# Kyocera Ceramic Coffee Mill



## liquidmonkey2000 (Oct 4, 2010)

I am thinking I may get myself one of these and return my Zass to shelf decoration duties. They get pretty good write-ups on other sites and it looks like they can do the business judging by the videos below.






Has anyone tried these for espresso? How do they compare to those made by Hario?


----------



## liquidmonkey2000 (Oct 4, 2010)

Or maybe I will just stick to my trusted Zass after reading this thread: http://www.home-barista.com/grinders/very-interesting-hario-skerton-kyocera-hand-grinder-sales-t14636.html


----------



## ChiarasDad (Mar 21, 2010)

I'm pretty happy with my Zassenhaus but am a little interested in the Porlex also, in case I find myself wishing for something smaller and more portable. I've read one favourable writeup, and I think I recall them being on display at Dose a few months ago along with the Skerton, with a little sign saying the Porlex was better but the Skerton was adqueate and cheaper.


----------



## liquidmonkey2000 (Oct 4, 2010)

From what I understand from reading various opinions is that the Skerton does not grind consistently enough for espresso. The Porlex looks very nice though and I think it is meant to be similar to the Kyocera in performance. However, I have also now read that none of the new grinders are as good as the good examples of old machines e.g the Zassenhaus, KyM and PeDe.


----------



## liquidmonkey2000 (Oct 4, 2010)

I just read a description on an eBay posting for the Kyocera it reads:


A good smell of Fresh ground does only by turning a handle.


It can be done very easily.


It is a recommendation of this item to enjoy smelling.


You can be graceful and enjoy luxurious time.


Rough can be adjusted according to the favorite.
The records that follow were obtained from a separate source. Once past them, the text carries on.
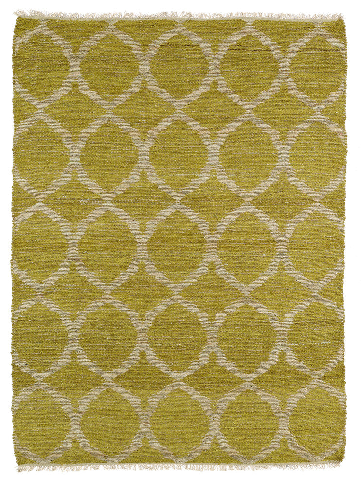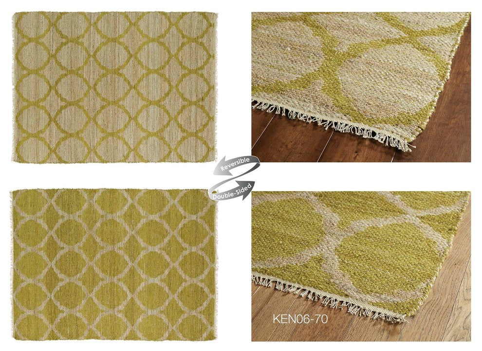 Get two looks in one with the Kaleen Kenwood Reversible Rug. This flat-woven double-sided rug features a chartreuse-and-tan subtle quatrefoil design, bringing a fresh touch to your floors. It is crafted from natural jute and recycled sari silk, woven together by skilled artisans in India. This striking rug adds a fun pattern to traditional or transitional-style decor.Double-sided rugOne side is tan with a chartreuse print and the other is chartreuse with a tan printColor: Tan and yellow-greenMaterials: Jute and viscose sari silkDimensions: W 7''6" x D 9''
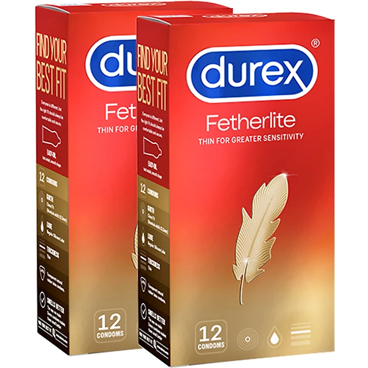 Bao Cao Su Mỏng Cố Định Vị Trí Durex Fetherlite Hộp 12s + Hộp 12s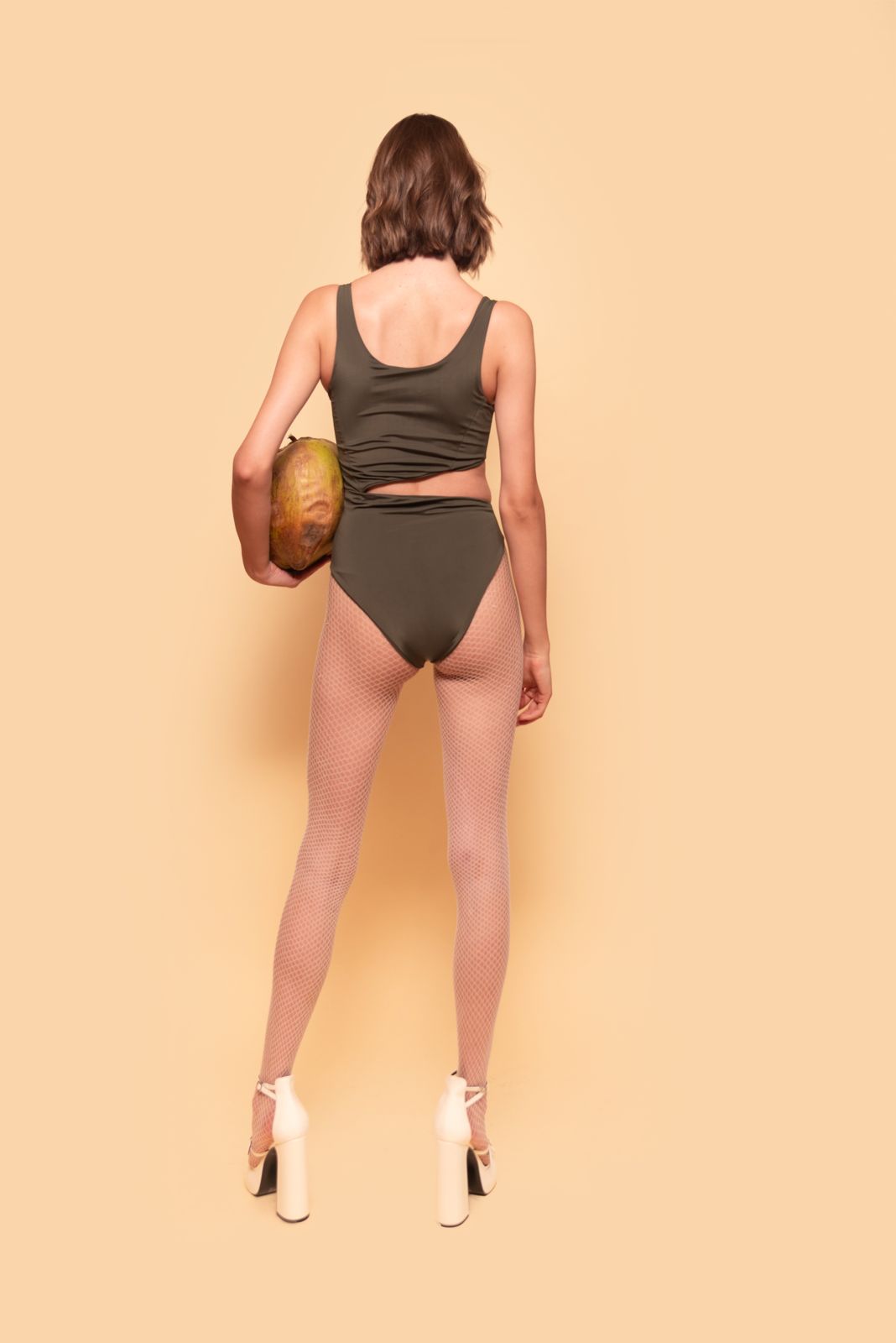 Minimalista y audaz, este diseño de una sola pieza con escote tipo keyhole y cut-out lateral enmarca la silueta con sofisticación. Ideal para un look resort contemporáneo y elegante.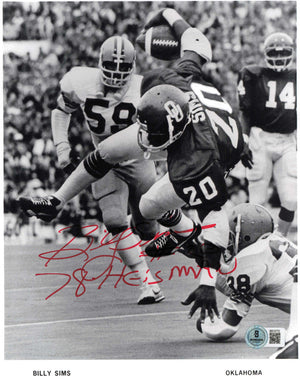 This is an 8x10 Photo that has been hand signed by Billy Sims. This item was inscribed "78 Heisman." This item has been certified authentic by Beckett Authentication (BAS) and comes with their tamper-proof QR Code hologram.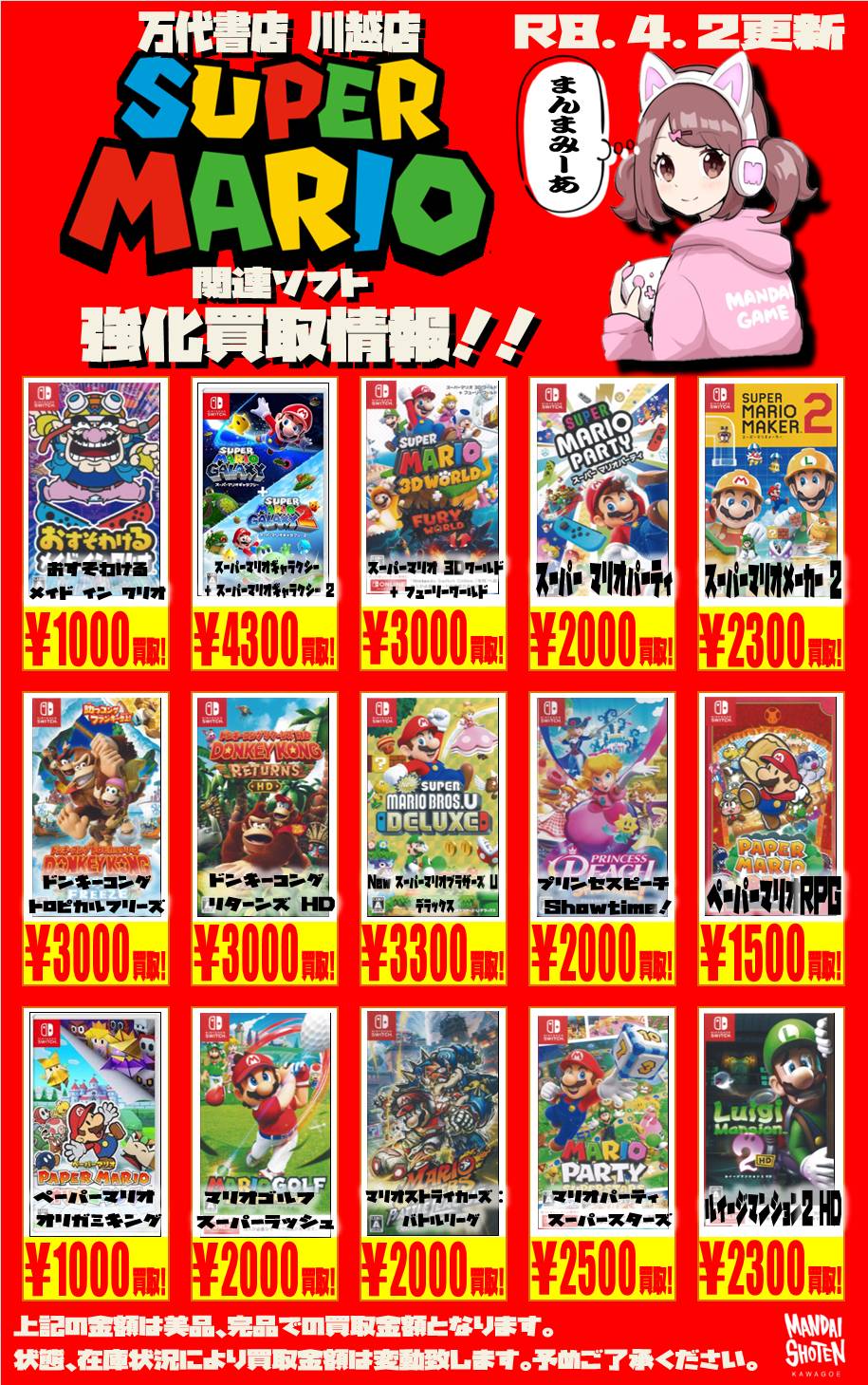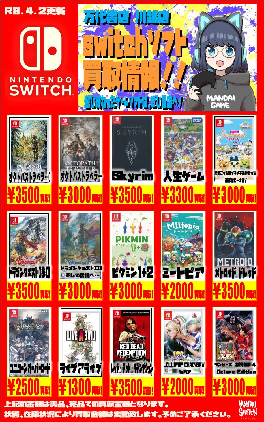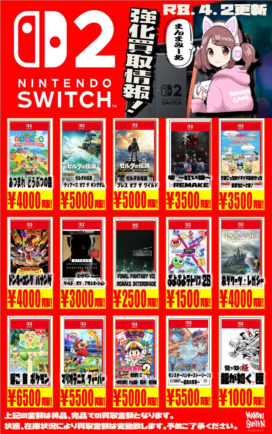 2026.04.02 買取情報 takalab_5 【Switch系ソフト】WEBチラシ更新しました!【ゲームハード】WEBチラシ更新しました!【WEBチラシ】 【Switch系ソフト】WEBチラシ更新しました!【WEBチラシ】 【ゲームハード】WEBチラシ更新しました! ※2026/4/2現在の価格となります。 在庫状況・状態によってお値段が変動いたします。予めご了承ください。 **************** こちら↓もぜひチェックしてみてくださいね♪(*´▽`*) ・最新のイベント情報はこちら ・最新の買取情報はこちら コメントを残す コメントをキャンセルメールアドレスが公開されることはありません。 ※ が付いている欄は必須項目ですコメント ※ 名前 ※ メール ※ サイト 新しいコメントをメールで通知 新しい投稿をメールで受け取る Δ

Who could resist such a sales pitch?


----------



## Glenn (Jun 14, 2008)

The Porlex is better than the Hario Skerton in my opinion

Better build quality and more consistent grind size

It is also thinner and more portable for travelling. No chance of breaking


----------



## ChiarasDad (Mar 21, 2010)

Your eBay description reminds me of an Ikea instruction sheet I worked from once:


It is advisable to being two people when assembling this bed


----------